(SUPPLIED INFORMATION)
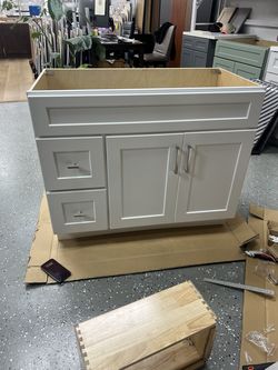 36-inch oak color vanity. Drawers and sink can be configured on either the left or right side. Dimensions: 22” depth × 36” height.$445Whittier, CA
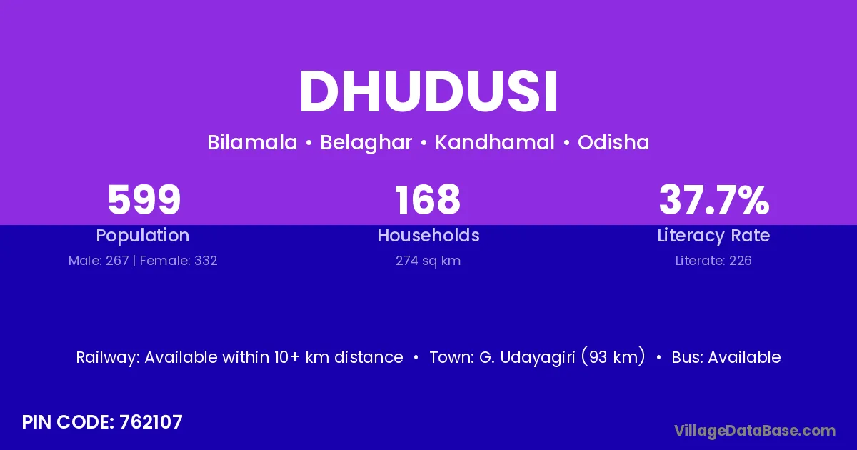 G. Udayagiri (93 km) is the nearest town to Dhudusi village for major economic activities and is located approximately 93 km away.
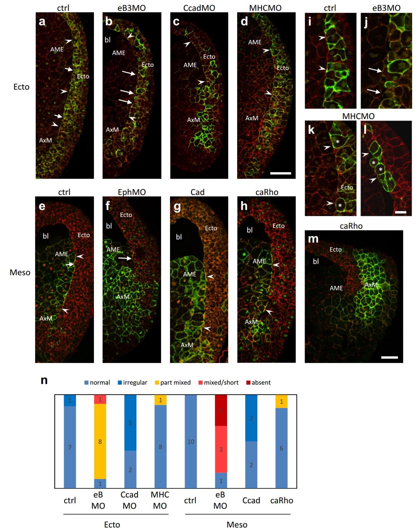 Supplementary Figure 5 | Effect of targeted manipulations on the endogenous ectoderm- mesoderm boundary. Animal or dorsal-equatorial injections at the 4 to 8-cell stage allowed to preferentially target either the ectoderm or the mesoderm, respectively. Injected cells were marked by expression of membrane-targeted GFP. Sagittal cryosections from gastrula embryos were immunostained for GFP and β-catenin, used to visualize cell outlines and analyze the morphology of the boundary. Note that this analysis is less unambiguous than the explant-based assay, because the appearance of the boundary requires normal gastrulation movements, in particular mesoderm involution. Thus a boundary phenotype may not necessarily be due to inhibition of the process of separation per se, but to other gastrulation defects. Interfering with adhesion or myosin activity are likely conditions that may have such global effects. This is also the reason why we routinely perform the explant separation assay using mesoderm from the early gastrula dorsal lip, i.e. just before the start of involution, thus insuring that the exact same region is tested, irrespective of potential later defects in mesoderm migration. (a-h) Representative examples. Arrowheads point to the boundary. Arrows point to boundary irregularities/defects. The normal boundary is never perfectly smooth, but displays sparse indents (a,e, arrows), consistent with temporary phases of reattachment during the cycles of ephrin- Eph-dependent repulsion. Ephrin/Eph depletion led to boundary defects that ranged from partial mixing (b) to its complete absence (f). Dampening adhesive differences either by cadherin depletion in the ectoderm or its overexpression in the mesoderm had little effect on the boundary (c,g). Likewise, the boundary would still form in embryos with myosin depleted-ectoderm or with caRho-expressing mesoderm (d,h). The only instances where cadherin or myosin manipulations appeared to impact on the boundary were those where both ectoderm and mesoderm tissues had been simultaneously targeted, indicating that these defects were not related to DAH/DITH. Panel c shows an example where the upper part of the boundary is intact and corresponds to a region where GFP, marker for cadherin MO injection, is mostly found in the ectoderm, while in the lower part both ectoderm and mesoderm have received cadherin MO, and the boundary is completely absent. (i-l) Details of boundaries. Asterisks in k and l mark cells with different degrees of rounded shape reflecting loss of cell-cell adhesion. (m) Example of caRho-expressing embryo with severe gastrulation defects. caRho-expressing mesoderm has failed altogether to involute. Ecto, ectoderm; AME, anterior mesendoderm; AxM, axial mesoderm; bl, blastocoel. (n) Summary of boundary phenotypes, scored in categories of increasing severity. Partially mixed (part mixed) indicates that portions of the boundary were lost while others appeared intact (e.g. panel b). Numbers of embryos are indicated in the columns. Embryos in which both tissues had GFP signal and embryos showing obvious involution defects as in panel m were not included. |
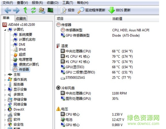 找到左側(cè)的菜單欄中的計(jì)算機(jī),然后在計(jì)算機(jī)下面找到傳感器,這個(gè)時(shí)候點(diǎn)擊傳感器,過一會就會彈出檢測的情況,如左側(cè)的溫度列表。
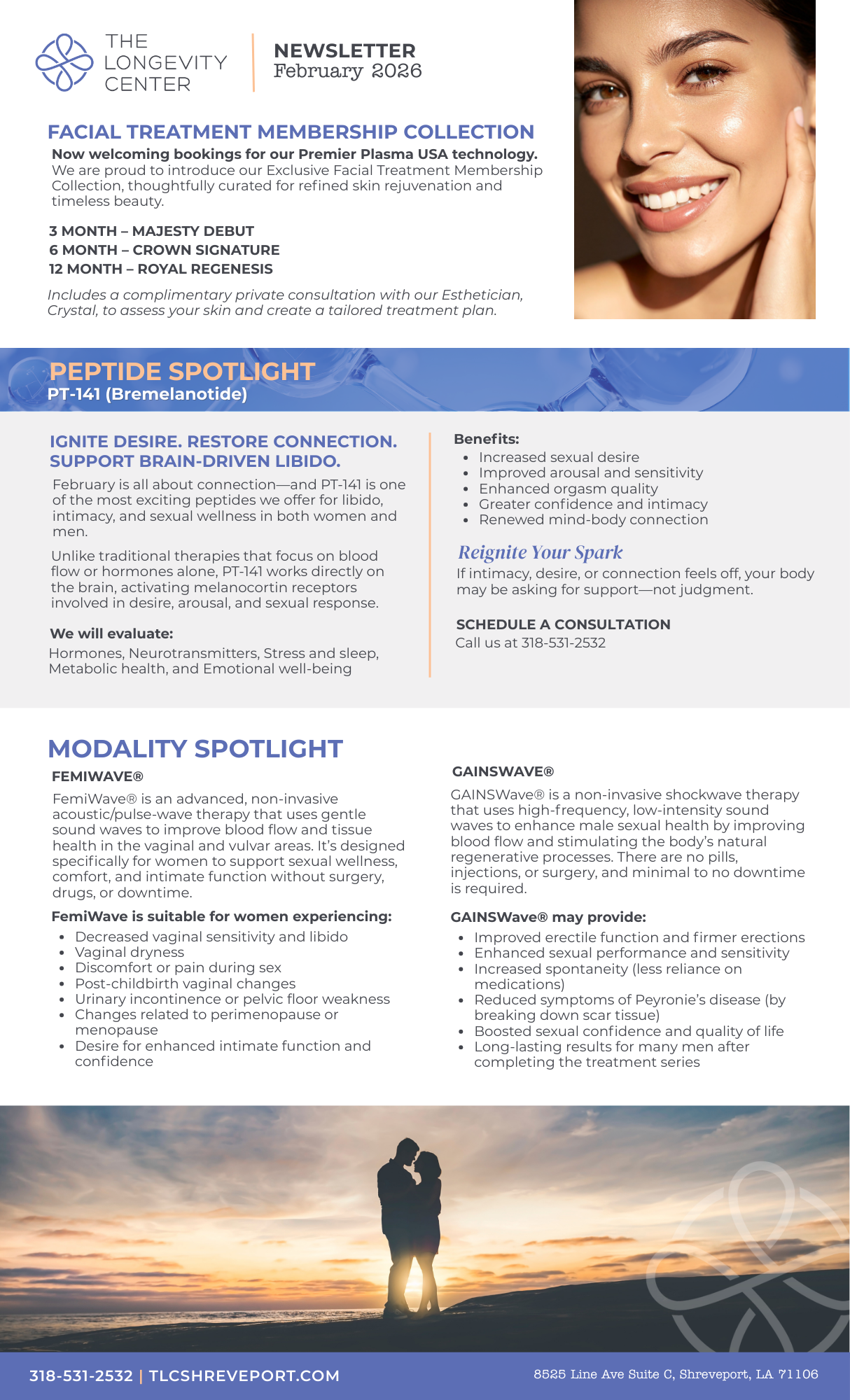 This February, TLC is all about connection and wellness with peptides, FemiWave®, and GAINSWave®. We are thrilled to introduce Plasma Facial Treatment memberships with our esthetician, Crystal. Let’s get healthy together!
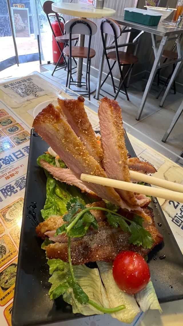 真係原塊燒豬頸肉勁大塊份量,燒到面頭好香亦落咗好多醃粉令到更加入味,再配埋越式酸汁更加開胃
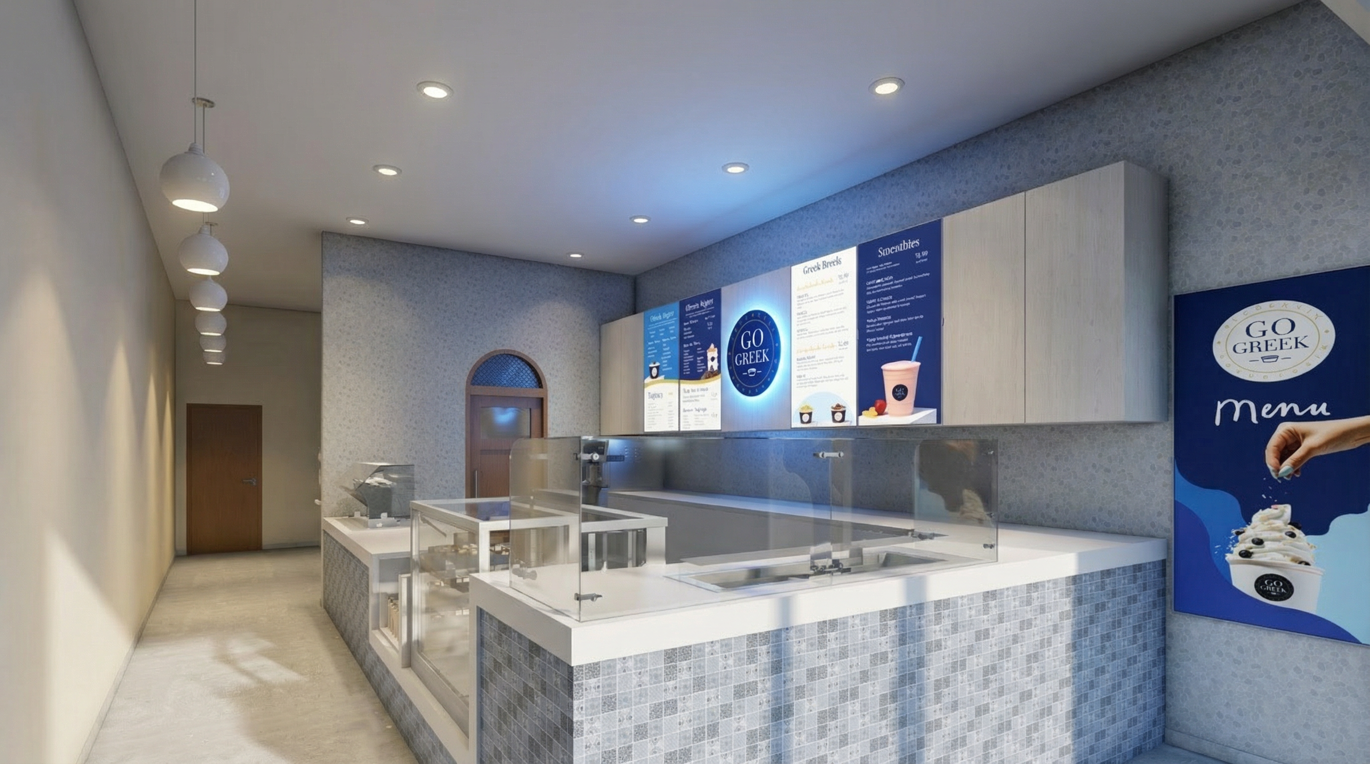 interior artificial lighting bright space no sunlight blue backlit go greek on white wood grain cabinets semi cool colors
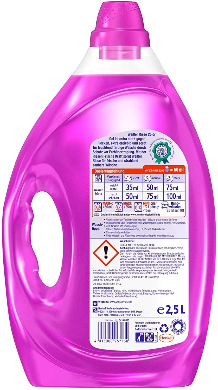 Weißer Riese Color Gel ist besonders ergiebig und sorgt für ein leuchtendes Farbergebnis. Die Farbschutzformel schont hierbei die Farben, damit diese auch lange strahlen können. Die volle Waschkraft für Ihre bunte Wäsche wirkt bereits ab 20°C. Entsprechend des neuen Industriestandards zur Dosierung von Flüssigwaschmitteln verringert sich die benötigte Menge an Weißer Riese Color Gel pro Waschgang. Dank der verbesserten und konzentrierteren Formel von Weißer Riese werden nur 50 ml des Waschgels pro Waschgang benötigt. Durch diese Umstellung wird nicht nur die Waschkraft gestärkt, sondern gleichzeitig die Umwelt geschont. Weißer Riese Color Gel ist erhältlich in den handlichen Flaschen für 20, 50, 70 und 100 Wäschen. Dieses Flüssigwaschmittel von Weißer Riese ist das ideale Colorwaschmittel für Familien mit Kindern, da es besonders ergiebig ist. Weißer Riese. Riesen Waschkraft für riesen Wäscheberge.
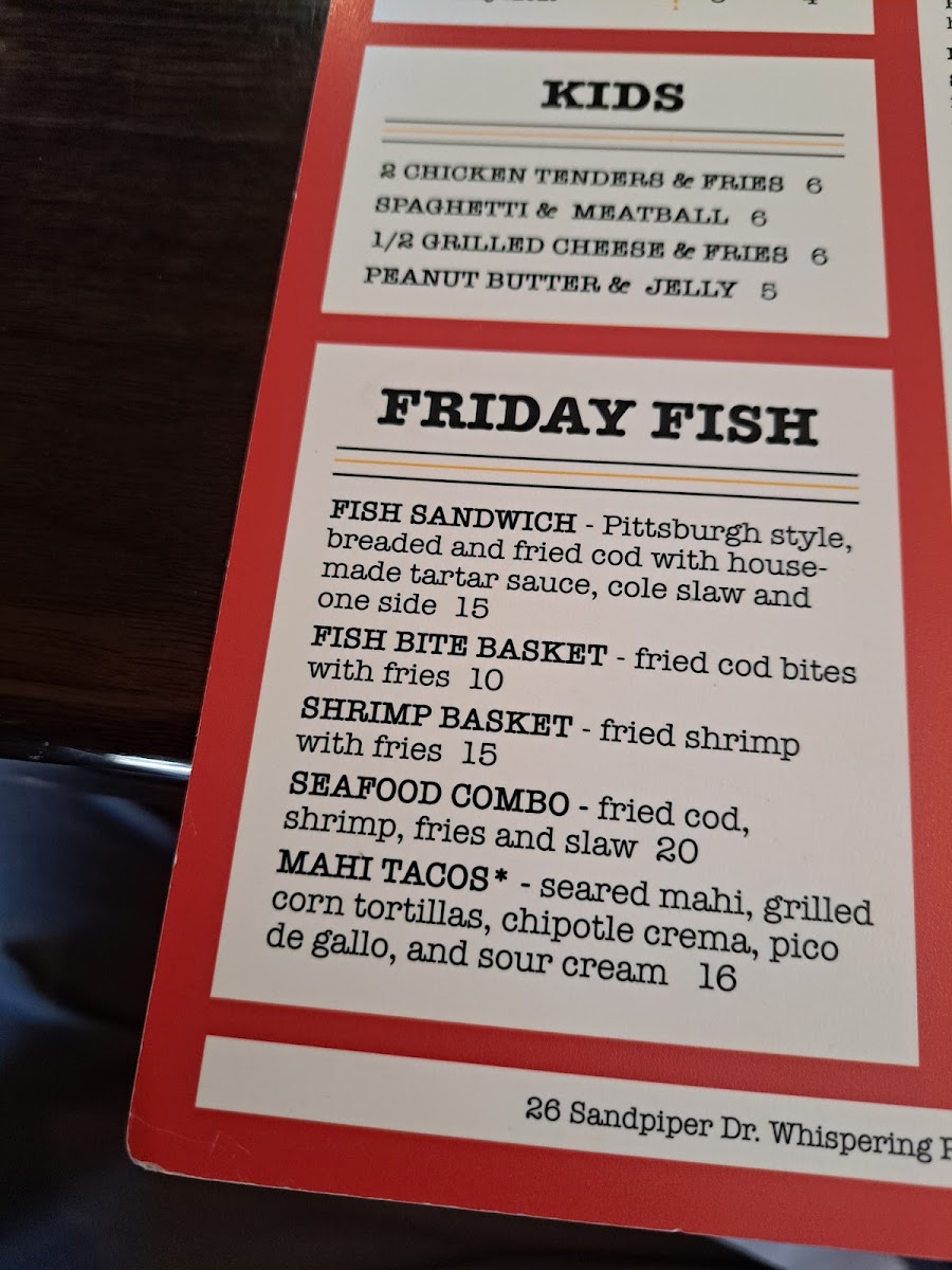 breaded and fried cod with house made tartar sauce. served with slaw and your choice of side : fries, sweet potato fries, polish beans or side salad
(End SUPPLIED INFORMATION)
Beginning with the first line of the entries above, repeat each line word for word until the line with "G. Udayagiri (93" has been given too. Omit the pictures.

 36-inch oak color vanity. Drawers and sink can be configured on either the left or right side. Dimensions: 22” depth × 36” height.$445Whittier, CA
 G. Udayagiri (93 km) is the nearest town to Dhudusi village for major economic activities and is located approximately 93 km away.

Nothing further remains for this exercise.